◆ Work required: Without its pictures, the listing below is to be transcribed exactly.

◆ Material for the task:
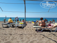 Пляж. Пляж как пляж, немного грязный, но по вине отдыхающих. Мусор убирали регулярно, лежаки всегда были и под навесами и без них. Только непонятна роль металлоконструкций последнего к морю ряда без тентов. Смотрится очень плохо, не поселфиЦа. Вход в море вполне хороший. Все купались и радовались. Я - нет.) Не умею плавать и сидел на берегу и ловил волны и камушки плавками. Море не особо чистое, волны большие. Бар на пляже работает хорошо. Вода всегда есть, пиво, соки, вина и прочее тоже. На кухню при пляже даже не смотрели. Автобус на пляж от отеля ходит не по расписанию, но проблем это не доставляет. Водителю отдельный респект за музыкальное сопровождение и вообще. У нас бы так работали, ездил бы с удовольствием. Полотенца мы ни разу не меняли, ибо русские и лень и не привыкли к такому баловству.)))
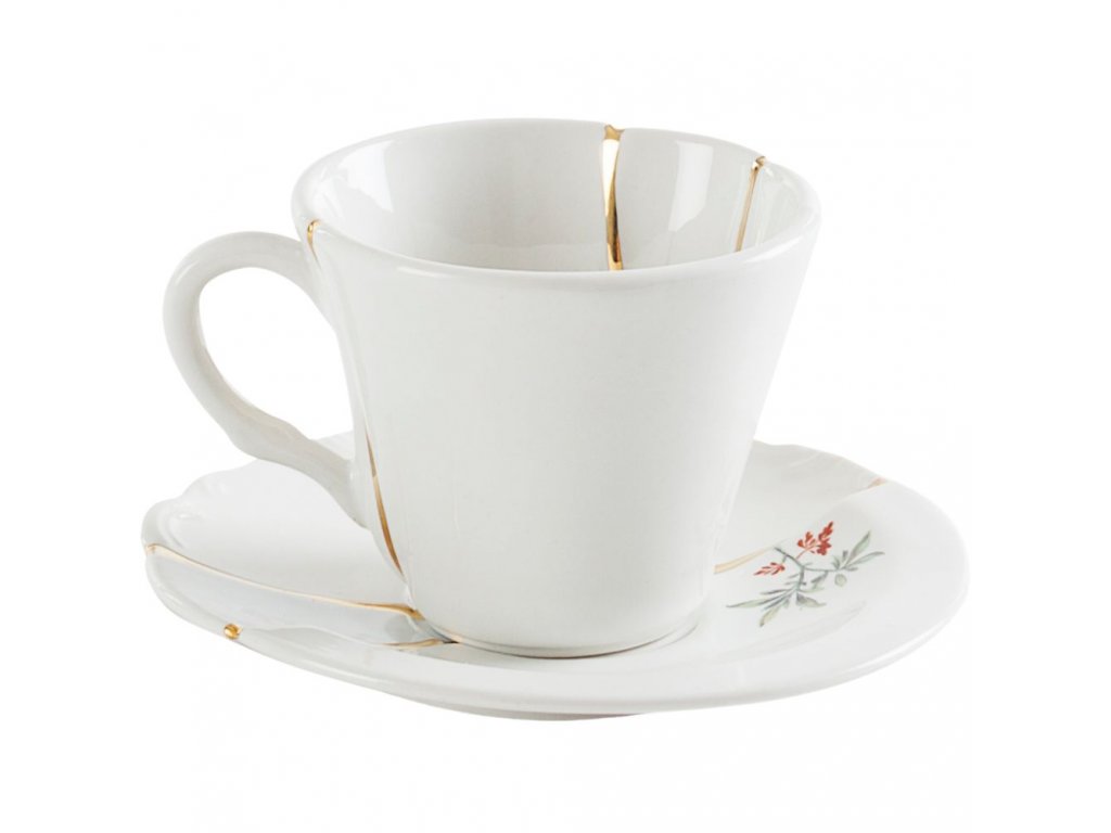 Skodelica za kavo s krožnikom KINTSUGI 3, bela, Seletti
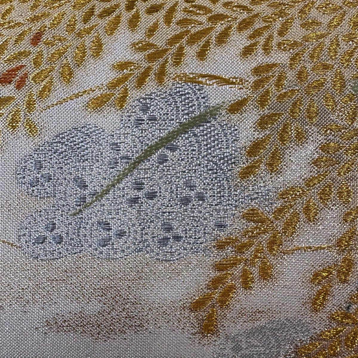 【美品】 袋帯 秀品 夏帯 絽 華文 花喰い鳥 金銀糸 クリーム お太鼓柄 正絹
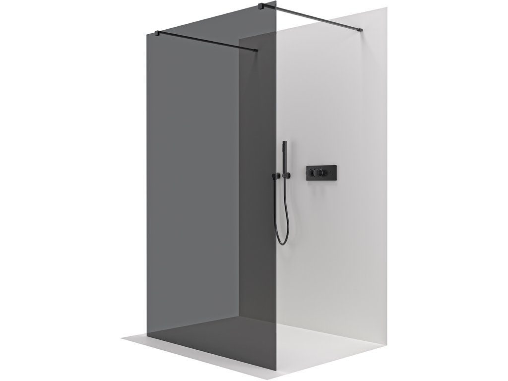 CERANO - Parawan prysznicowy typu walk-in Onyx Duo L/P - 10 mm - wspornik kwadratowy - mat czarny, szkło grafitowe - 120x200 cm
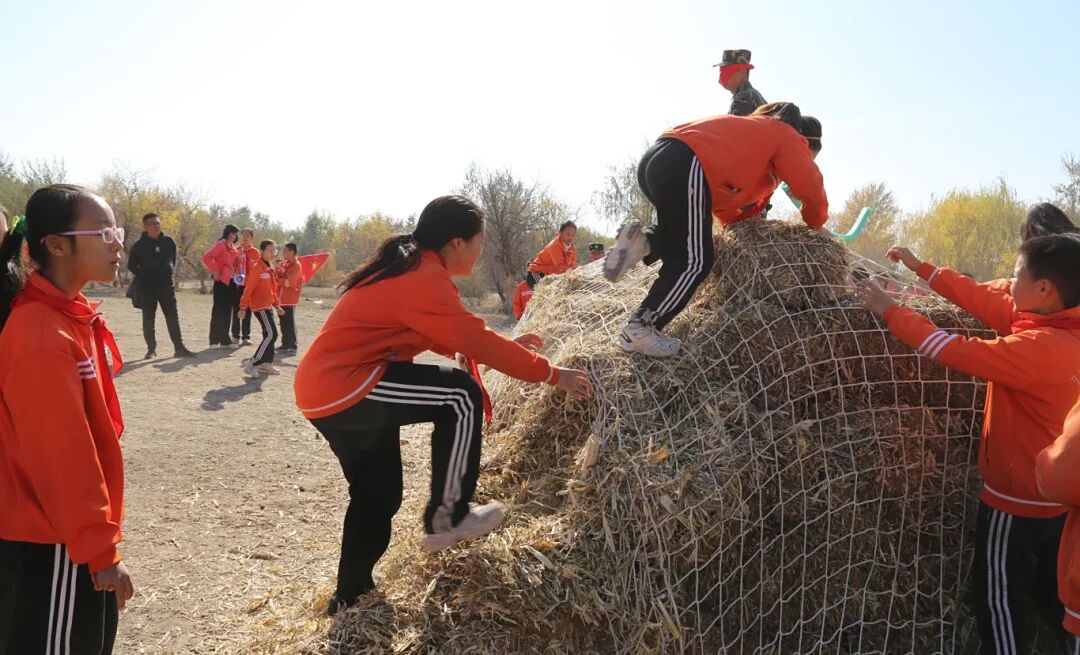 在“翻雪山”任务中,蒙眼“狙击手”不断挥舞拦截棒,“小红军”们沉着冷静,在模拟雪山上稳步前行。专注的眼神、灵活的身姿,信念与定力帮助他们突破重重“封锁”。在“过草地”时,队员们肘膝并用,在绳网下艰难穿行。他们尘土沾衣、汗水满面,却无人退缩,坚韧的品格在一次次坚持中淬炼成型。
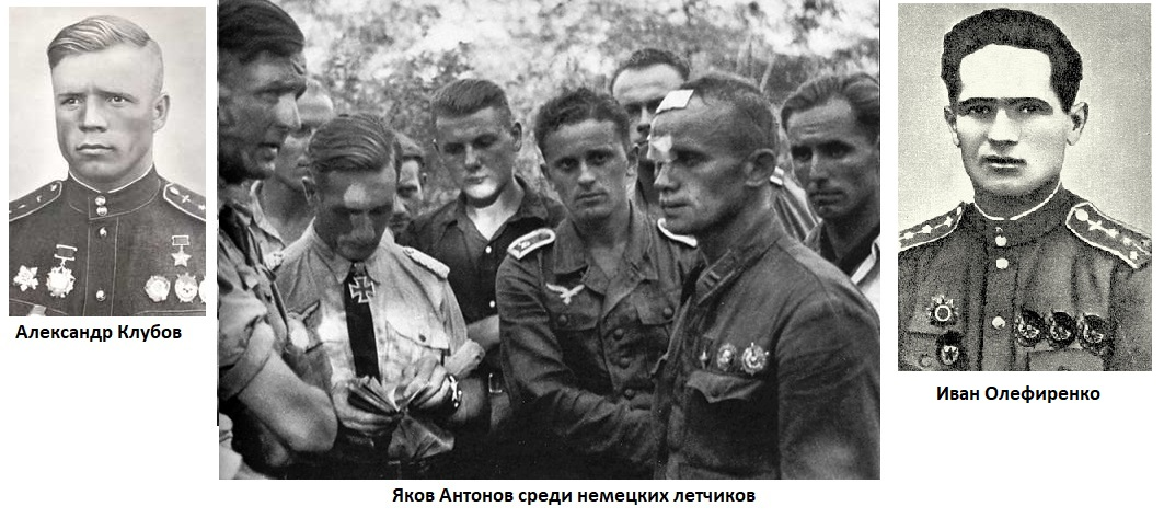 Считалось, что майор Антонов погиб, но позже выяснилось, что он попал в плен. Антонов был лихой вояка, участвовал еще в финской, награжден орденами Ленина и Красного Знамени. Дальнейшая судьба его Клубову так и осталась неизвестной. Антонова захватили после приземления на парашюте, причем он сперва расстрелял все патроны из своего пистолета. Может случайно, а может и специально, ни в кого из окруживших его немецких летчиков он не попал, но и себе последнюю пулю в лоб пускать не стал. До рукопашной дело не дошло, а немцы по нему и не стреляли, не хотели убивать, просто окружили и считали его выстрелы. Антонова захватили, таким образом, не без боя и отнеслись к нему с уважением, которое заслуживал достойный противник. К тому же немцев впечатлили его награды и мастерство, которое он продемонстрировал в своем последнем бою. Почему он вылетел на задание в тот день с документами и наградами, включая звезду Героя, тоже так и осталось непонятным. Уже после войны всплыли фотографии из личного архива одного из самых результативных экспертов Люфтваффе, Гюнтера Ралля. На этих фотографиях майор Антонов запечатлен с двумя пластырями на лице. Значит, ему уже оказали медицинскую помощь. Он стоит в окружении немецких летчиков и ведет с ними, по всей видимости, профессиональный разговор через переводчика. Немцы смотрят на советского аса с интересом и уважением, как на опытного и умелого коллегу по профессии. На лицах у летчиков нет злобы и ненависти, у немцев даже видно что-то вроде сочувствия. Вообще у всех летчиков похожие лица, как будто общая любимая профессия наложила на них свой отпечаток. Сам Антонов на снимке выглядит печальным, что не удивительно, но не подавленным, держится со спокойствием и достоинством. У него на груди награды. То, что их не отняли, является признаком большого уважения, но расположены они почему-то в неправильном порядке. Возможно, награды сперва забрали, а потом вернули для снимка фронтового корреспондента. Захватить в плен живого Героя Советского Союза – это была серьезная удача. Немцы поставили Антонова на довольствие, несколько дней он провел «в гостях» в той части Люфтваффе, летчик которой его сбил. Его особо не допрашивали и даже не держали взаперти, потом переправили в лагерь военнопленных под Моздоком, оттуда в Мариуполь. И из Мариуполя он, по некоторым данным, то ли совершил побег, то ли его освободили местные подпольщики, имевшие связь с разведотделом Черноморского флота. Дальнейшая его судьба выглядит совсем туманной. По одной из версий он скрывался в оккупированном немцами городе Ейске, что на Азовском море, и там погиб в перестрелке с полицаями, по другой версии пытался бежать при переводе в Мариуполь, и тогда был застрелен конвоирами. Его судьба в итоге так и осталась невыясненной.
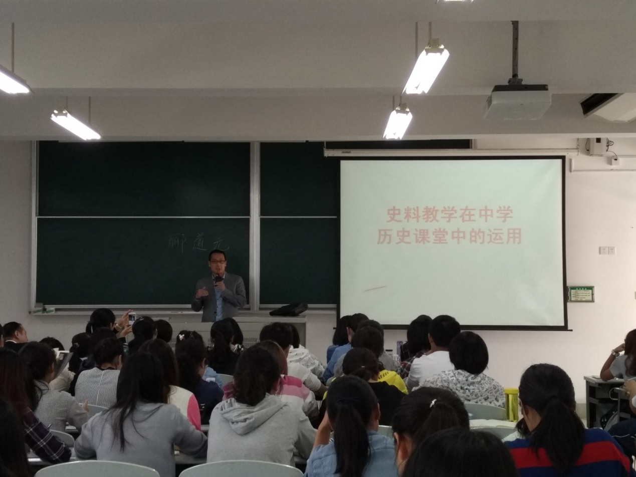 本场讲座张老师分别从史料教学的必要性、史料教学的功能、史料运用基本原则、史料与历史试题的命制、一堂好课的标准五个方面向我们表达了他独特的观点。整个过程中,张老师旁征博引、满怀激情,展现了一位优秀历史教师的风采,同学们也听得如痴如醉,受益匪浅!
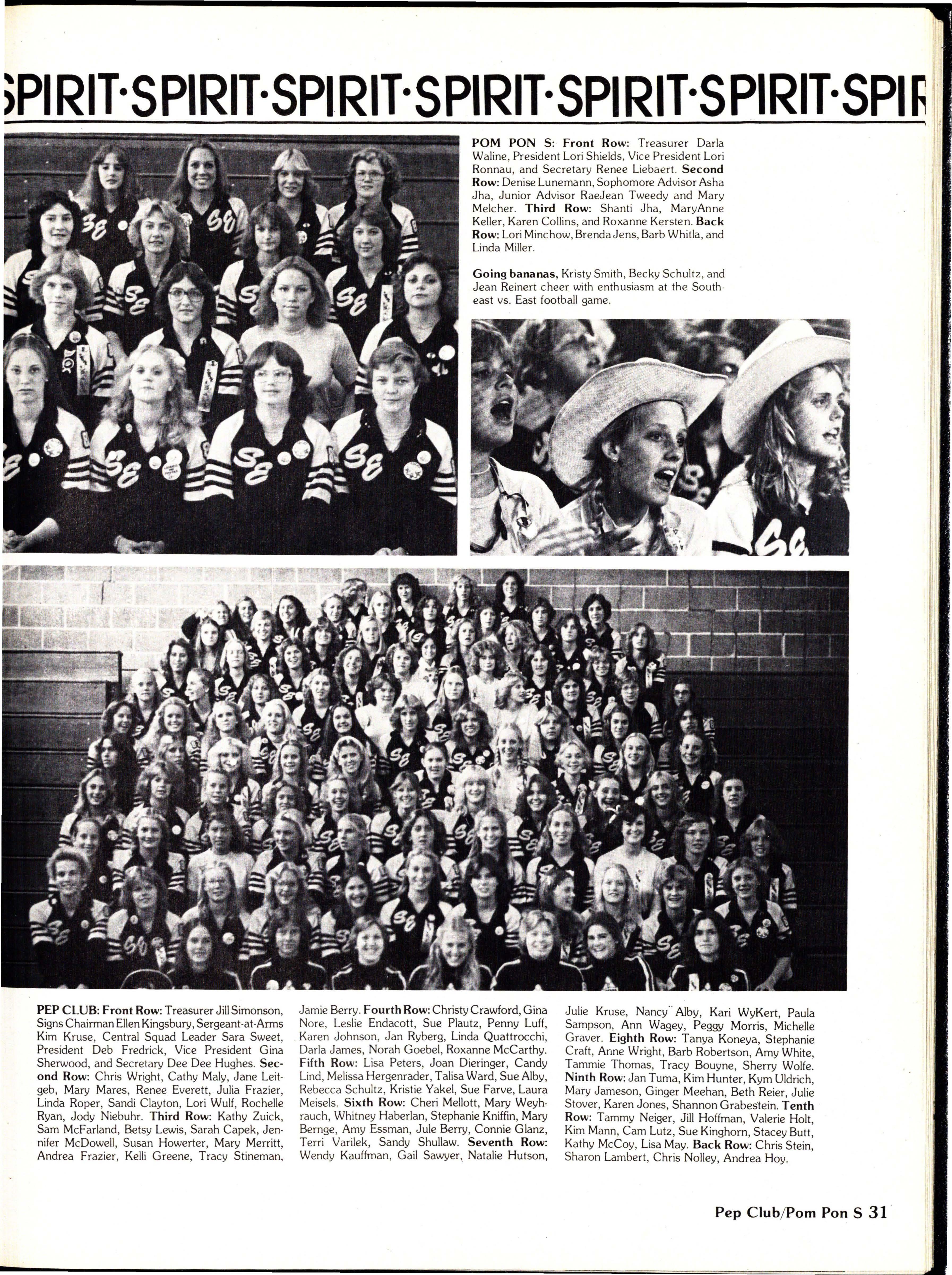 dances continue to move to the disco beat. Pep Club is open to any girl interested, and membership runs around 100. only a few Pep Club uniforms spot the halls on game days.
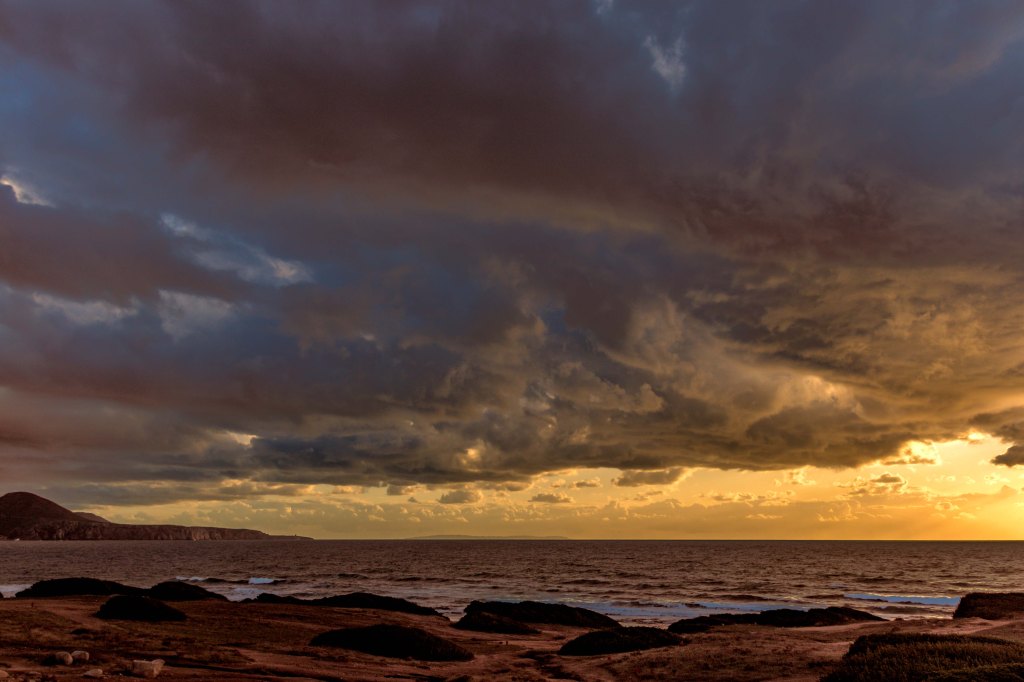 Am Abend ziehen wieder dicke schwarze Wolken auf. In der Nacht fegen noch ein paar heftige Regenschauer über uns hinweg, die dann jedoch wie abgeschaltet aufhören.

◆ Solution for this exercise:
 Пляж. Пляж как пляж, немного грязный, но по вине отдыхающих. Мусор убирали регулярно, лежаки всегда были и под навесами и без них. Только непонятна роль металлоконструкций последнего к морю ряда без тентов. Смотрится очень плохо, не поселфиЦа. Вход в море вполне хороший. Все купались и радовались. Я - нет.) Не умею плавать и сидел на берегу и ловил волны и камушки плавками. Море не особо чистое, волны большие. Бар на пляже работает хорошо. Вода всегда есть, пиво, соки, вина и прочее тоже. На кухню при пляже даже не смотрели. Автобус на пляж от отеля ходит не по расписанию, но проблем это не доставляет. Водителю отдельный респект за музыкальное сопровождение и вообще. У нас бы так работали, ездил бы с удовольствием. Полотенца мы ни разу не меняли, ибо русские и лень и не привыкли к такому баловству.)))
 Skodelica za kavo s krožnikom KINTSUGI 3, bela, Seletti
 【美品】 袋帯 秀品 夏帯 絽 華文 花喰い鳥 金銀糸 クリーム お太鼓柄 正絹
 CERANO - Parawan prysznicowy typu walk-in Onyx Duo L/P - 10 mm - wspornik kwadratowy - mat czarny, szkło grafitowe - 120x200 cm
 在“翻雪山”任务中,蒙眼“狙击手”不断挥舞拦截棒,“小红军”们沉着冷静,在模拟雪山上稳步前行。专注的眼神、灵活的身姿,信念与定力帮助他们突破重重“封锁”。在“过草地”时,队员们肘膝并用,在绳网下艰难穿行。他们尘土沾衣、汗水满面,却无人退缩,坚韧的品格在一次次坚持中淬炼成型。
 Считалось, что майор Антонов погиб, но позже выяснилось, что он попал в плен. Антонов был лихой вояка, участвовал еще в финской, награжден орденами Ленина и Красного Знамени. Дальнейшая судьба его Клубову так и осталась неизвестной. Антонова захватили после приземления на парашюте, причем он сперва расстрелял все патроны из своего пистолета. Может случайно, а может и специально, ни в кого из окруживших его немецких летчиков он не попал, но и себе последнюю пулю в лоб пускать не стал. До рукопашной дело не дошло, а немцы по нему и не стреляли, не хотели убивать, просто окружили и считали его выстрелы. Антонова захватили, таким образом, не без боя и отнеслись к нему с уважением, которое заслуживал достойный противник. К тому же немцев впечатлили его награды и мастерство, которое он продемонстрировал в своем последнем бою. Почему он вылетел на задание в тот день с документами и наградами, включая звезду Героя, тоже так и осталось непонятным. Уже после войны всплыли фотографии из личного архива одного из самых результативных экспертов Люфтваффе, Гюнтера Ралля. На этих фотографиях майор Антонов запечатлен с двумя пластырями на лице. Значит, ему уже оказали медицинскую помощь. Он стоит в окружении немецких летчиков и ведет с ними, по всей видимости, профессиональный разговор через переводчика. Немцы смотрят на советского аса с интересом и уважением, как на опытного и умелого коллегу по профессии. На лицах у летчиков нет злобы и ненависти, у немцев даже видно что-то вроде сочувствия. Вообще у всех летчиков похожие лица, как будто общая любимая профессия наложила на них свой отпечаток. Сам Антонов на снимке выглядит печальным, что не удивительно, но не подавленным, держится со спокойствием и достоинством. У него на груди награды. То, что их не отняли, является признаком большого уважения, но расположены они почему-то в неправильном порядке. Возможно, награды сперва забрали, а потом вернули для снимка фронтового корреспондента. Захватить в плен живого Героя Советского Союза – это была серьезная удача. Немцы поставили Антонова на довольствие, несколько дней он провел «в гостях» в той части Люфтваффе, летчик которой его сбил. Его особо не допрашивали и даже не держали взаперти, потом переправили в лагерь военнопленных под Моздоком, оттуда в Мариуполь. И из Мариуполя он, по некоторым данным, то ли совершил побег, то ли его освободили местные подпольщики, имевшие связь с разведотделом Черноморского флота. Дальнейшая его судьба выглядит совсем туманной. По одной из версий он скрывался в оккупированном немцами городе Ейске, что на Азовском море, и там погиб в перестрелке с полицаями, по другой версии пытался бежать при переводе в Мариуполь, и тогда был застрелен конвоирами. Его судьба в итоге так и осталась невыясненной.
 本场讲座张老师分别从史料教学的必要性、史料教学的功能、史料运用基本原则、史料与历史试题的命制、一堂好课的标准五个方面向我们表达了他独特的观点。整个过程中,张老师旁征博引、满怀激情,展现了一位优秀历史教师的风采,同学们也听得如痴如醉,受益匪浅!
 dances continue to move to the disco beat. Pep Club is open to any girl interested, and membership runs around 100. only a few Pep Club uniforms spot the halls on game days.
 Am Abend ziehen wieder dicke schwarze Wolken auf. In der Nacht fegen noch ein paar heftige Regenschauer über uns hinweg, die dann jedoch wie abgeschaltet aufhören.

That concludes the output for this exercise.